What Ptolemy is saying here is that if $\overline{GE}$ would have equaled $120^p$, then it would have meant it passed through the center of the circle.

Had that been the case, then “the ratio of eccentricity would immediately be apparent.” Ptolemy doesn’t say how, but I suspect we’ll come to that.

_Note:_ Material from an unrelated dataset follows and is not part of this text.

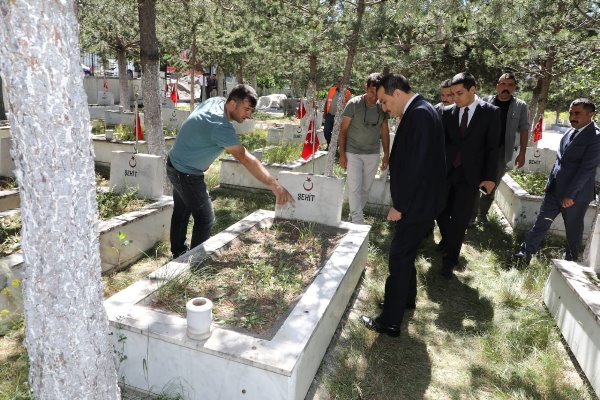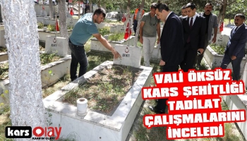 Kars Olay-Kars Valisi Türker Öksüz, tadilat çalışması yapılan Kars Şehitliğinde incelemelerde bulunarak yetkililerden bilgi aldı. Çalışmaların bir an önce bitirilmesi talimatını veren Vali Öksüz, ziyarete gelen şehit ailesi ile de görüşrek, tüm şehitleri rahmetle andı. Şehit ve Gazi ailelerinin Devlet olarak her zaman yanlarında olduklarını belirten Kars Valisi Türker Öksüz Şehit ailelerine başsağlığı dileklerini iletti.

However, this point has gotten quite long, we’ll continue in the next post!



 

  1. Centered on $\Theta$ in our last diagram.
  2. Bear in mind, these were called $E$, $Z$, and $H$ respectively in the diagram in the last post!
  3. At this point in the description, Ptolemy becomes rather agnostic about which points are used which way. Instead of extending $\overline{GD}$, we could have extended any of the lines from the observations in the same manner. We would then have to adjust the rest of the lines we’ve drawn. For the sake of clarity, I’m describing the diagram as drawn instead of giving the more general description as Ptolemy does.
  4. Which we called $arc \; ZH$ in the last post.
  5. I hope the divisions help us keep track of context.
  6. This is a true value as this was the amount that Mars moved from the mean motions table.
  7. Angles $\angle BDE = 86;16º$ and $\angle DEB = 47;44º$. Keep in mind this is not a right triangle!
  8. Ptolemy seems to incorrectly imply that these are equal to the arcs in this circle, but they are not.
  9. I get $\overline{AB} = 138;54^p$, but again adopt Ptolemy’s value for consistency.
  10. Do keep in mind we found $\overline{A \Theta} = 78;31^p$ as well, but that was in a different context.